- YOUR INSTRUCTIONS -
Beginning with the line containing "重庆市环境科学学会关于公布环境规划专家名录(第一批)的通知", write out each line exactly through the end of the listing, and skip all pictures.

+--

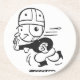 Black and white cartoon of a football player running with the ball, hand out, ready to block. He's wearing an old fashioned leather football helmet. Great for the football parties
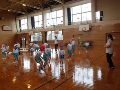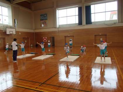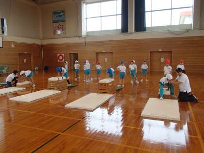今日は富山市スポーツ協会より2名の先生を招いて、跳び箱の指導をしていただきました。高い段数を跳ぶのではなく、きれいに跳ぶ跳び方を指導していただき、手の動かし方や足の開き方など、丁寧に教えていただきました。
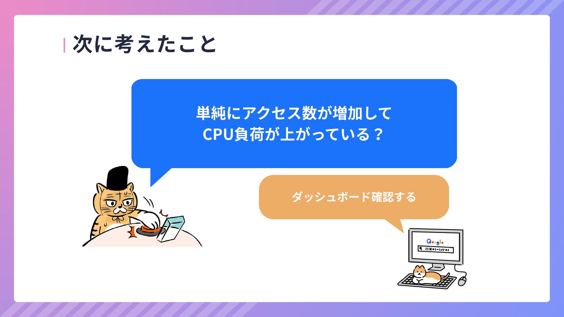 単純にアクセス数が増加して CPU負荷が上がっている? 次に考えたこと ダッシュボード確認する
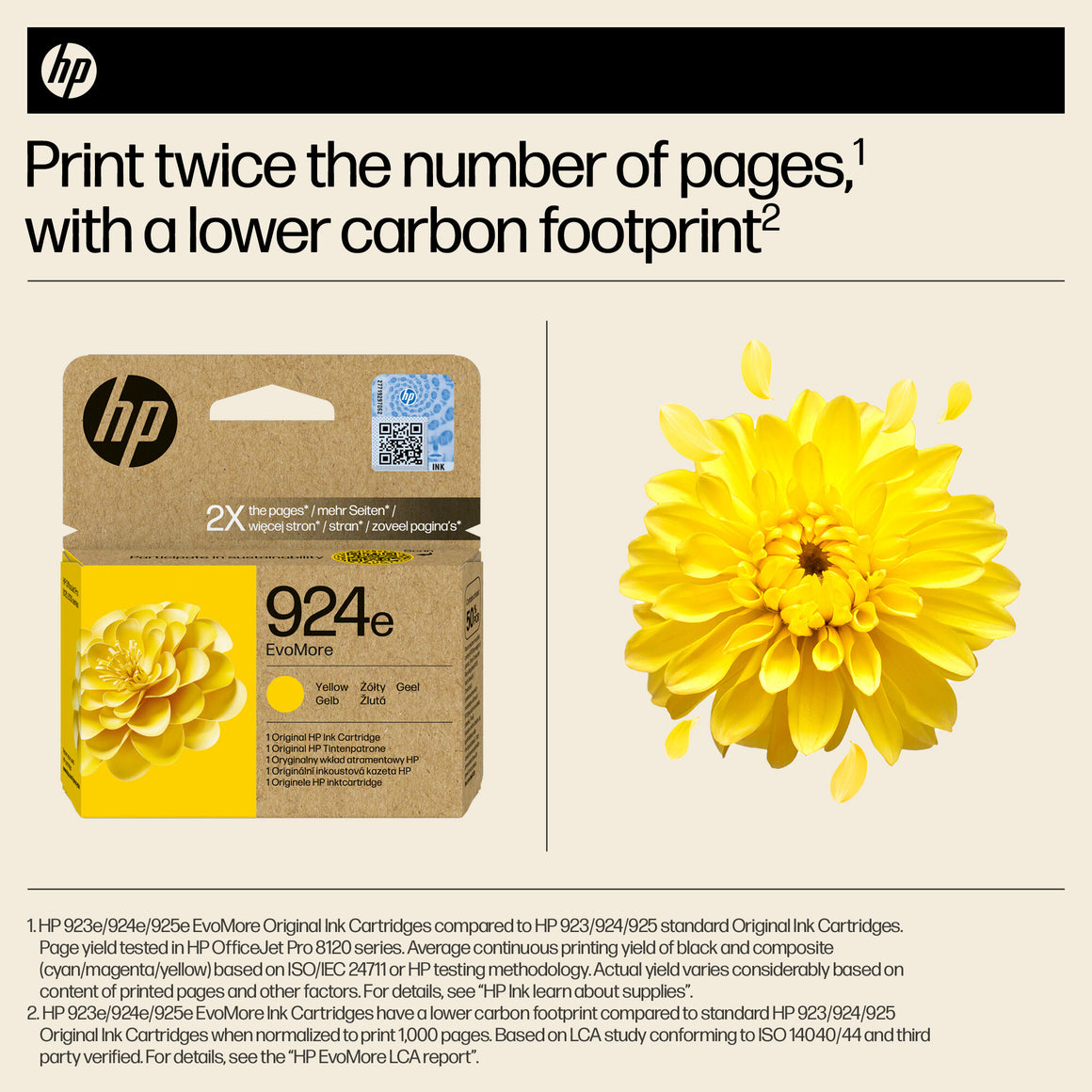 Designed to print two times the pages as standard cartridges,[3] have a lower carbon footprint[2] and be easily recycled,[4] HP EvoMore Original Ink Cartridges combine HP’s legendary performance and quality with added sustainability features.
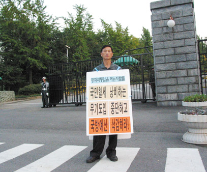 ¡ã À̳¯ ¾ÆÄ§¿¡´Â ÀÌÇü¼ö ÀÚÅëÇù ÅõÀïºÎÀåÀÌ, Á¡½É½Ã°£¿¡´Â ±è½Â±¹ ÆòÅë»ç Á¤Ã¥À§¿øÀåÀÌ, ±×¸®°í Àú³á Åð±Ù ½Ã°£¿¡´Â ½ÅÀçÈÆ ÆòÅë»ç ÆòȺÐȸ ȸ¿øÀÌ 1ÀÎ ½ÃÀ§¸¦ Àü°³Çß´Ù. »çÁøÀº ½ÅÀçÈÆ ȸ¿øÀÌ ±¹¹æºÎ ÈĹ® ¾Õ¿¡¼ 1ÀÎ ½ÃÀ§¸¦ ¹úÀÌ´Â ¸ð½À. [»çÁø - ÀÚÅëÇù È«º¸±¹]
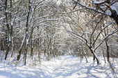 Snowy biały zimowy krajobraz ze śniegiem. Zdjęcie zrobione w pochmurny zimowy dzień.
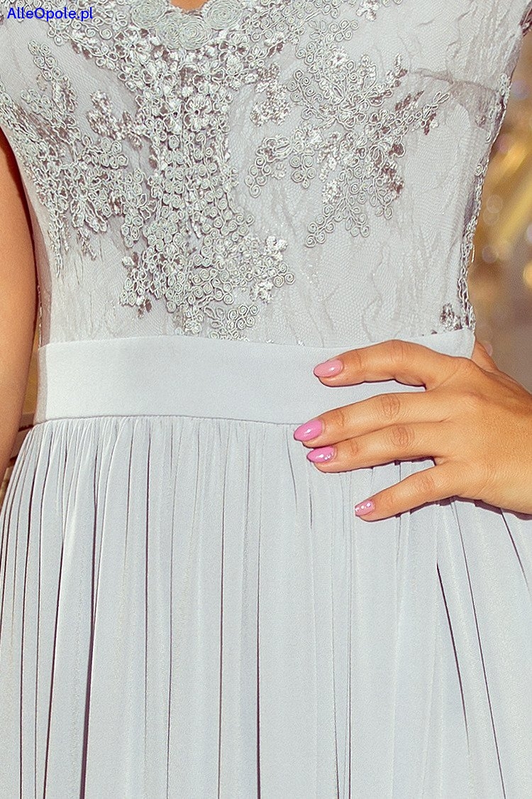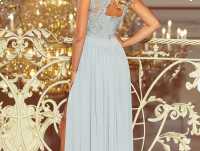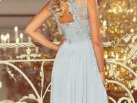 Długa suknia maxi z haftowanym dekoltem. Sukienka pięknie eksponuje dekolt i plecy. Zapinana z tyłu na guziczek i kryty zamek. Produkt polski.
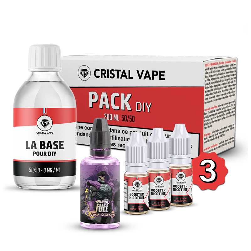 Pack DIY Dark Shigeri 230ml conçu pour réaliser votre mélange simplement. Ce pack est composé du concentré Dark Shigeri 30ml de Fighter Fuel et d'un Pack DIY 50/50 200ml de Cristal Vape contenant de la base neutre et des boosters de nicotine.
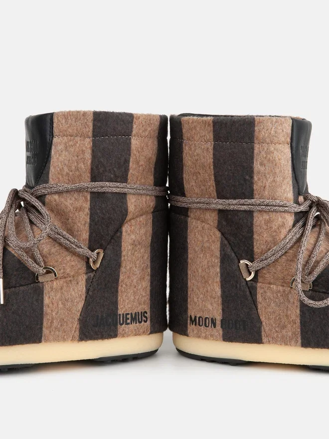 Buy Jacquemus + Moon Boot Icon Low Beige Striped Felt Boots for Woman on Moon Boot Official Online Store. Discover the Collection on the Official Brand Website.
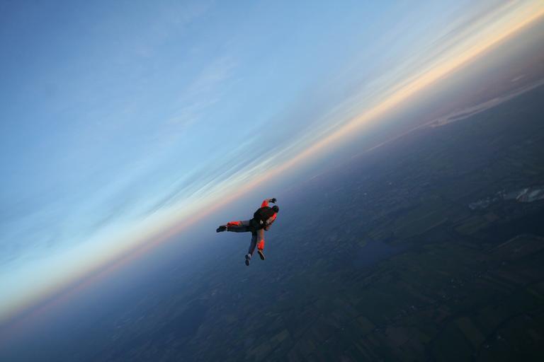 Keywords: skydive sky float fly sport tandem jump hobby distant view air high adrenaline
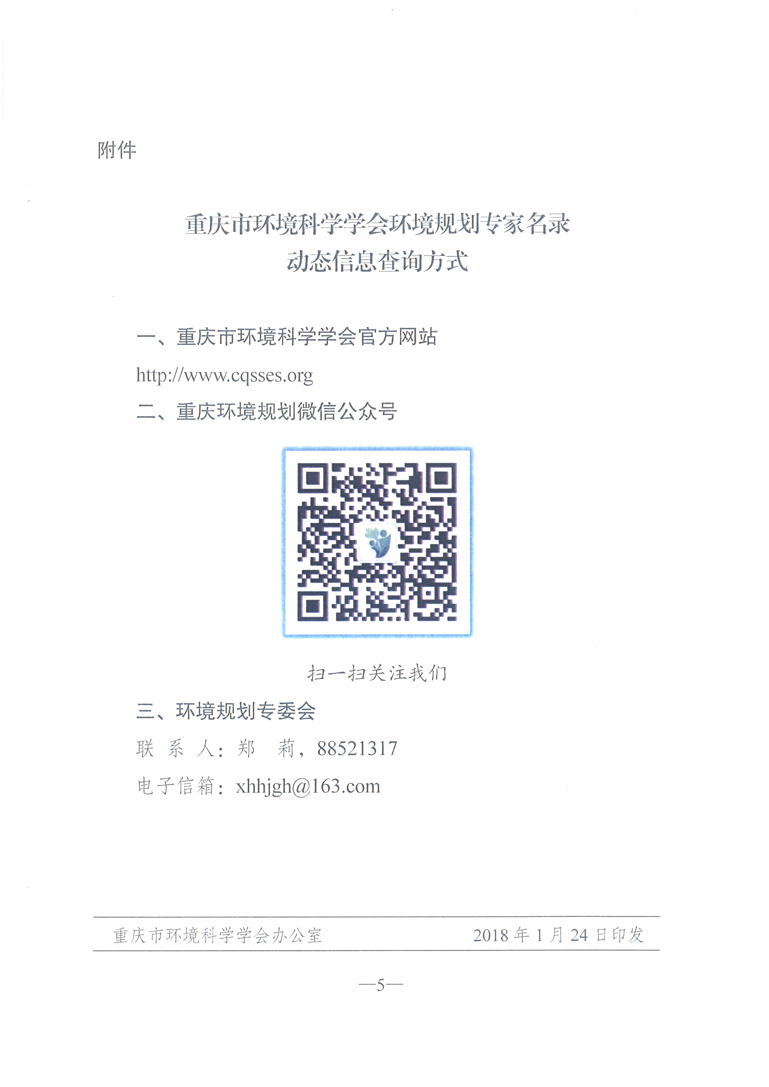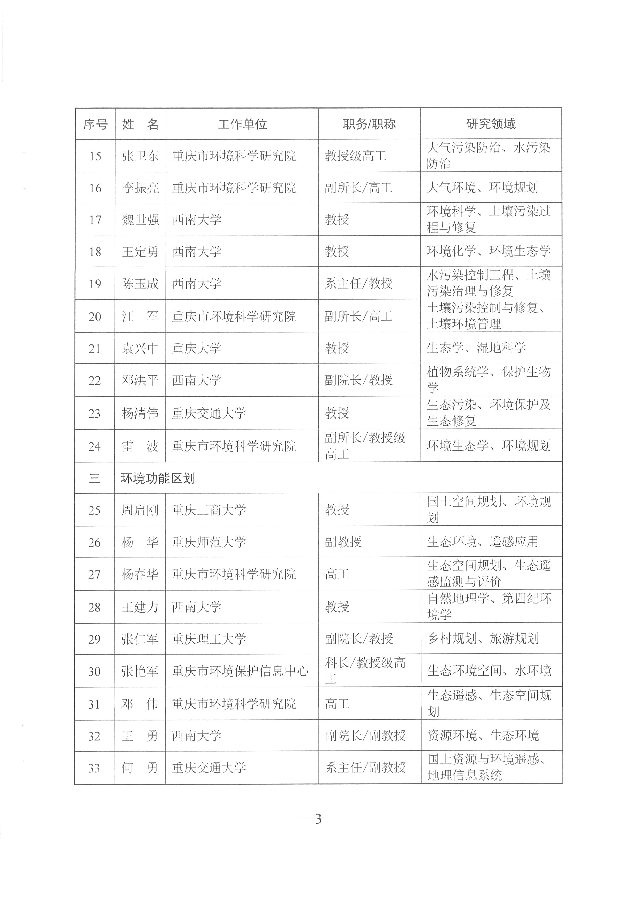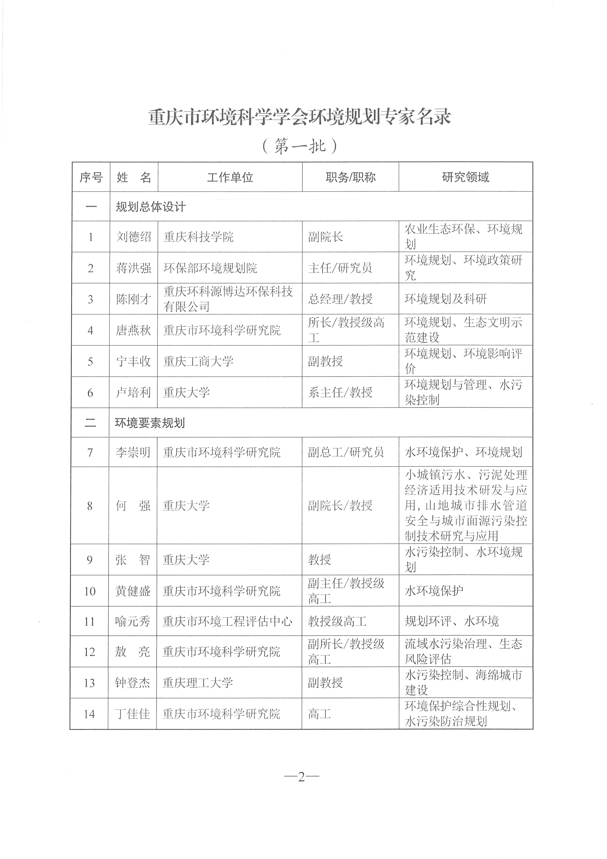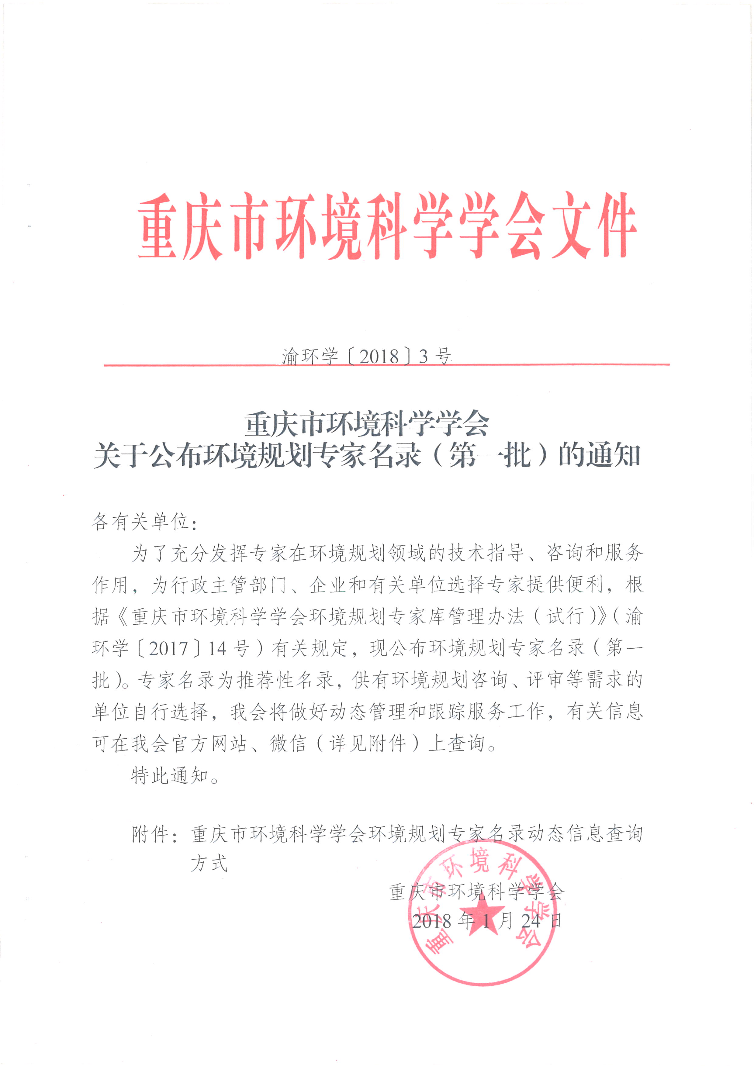 重庆市环境科学学会关于公布环境规划专家名录(第一批)的通知
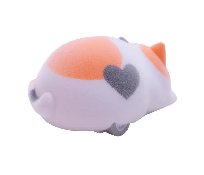 表面は、つい触りたくなるふわふわな素材のフロッキー加工が施されています。柄によって尻尾の向きが違ったり、ピンクの肉球もかわいいねこちゃんたちです。ミケ柄にはハートの模様がついており、細部までこだわったデザインです。
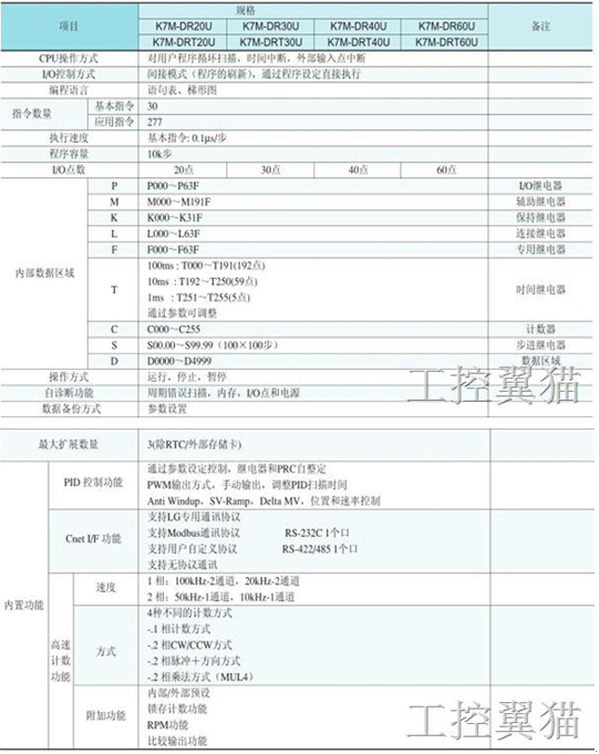 -總共可擴(kuò)展到70點(diǎn)(可以連接2個(gè)擴(kuò)展模塊;僅可以連接一個(gè)通訊模塊)

+--

- ANSWER AREA -
 重庆市环境科学学会关于公布环境规划专家名录(第一批)的通知
 表面は、つい触りたくなるふわふわな素材のフロッキー加工が施されています。柄によって尻尾の向きが違ったり、ピンクの肉球もかわいいねこちゃんたちです。ミケ柄にはハートの模様がついており、細部までこだわったデザインです。
 -總共可擴(kuò)展到70點(diǎn)(可以連接2個(gè)擴(kuò)展模塊;僅可以連接一個(gè)通訊模塊)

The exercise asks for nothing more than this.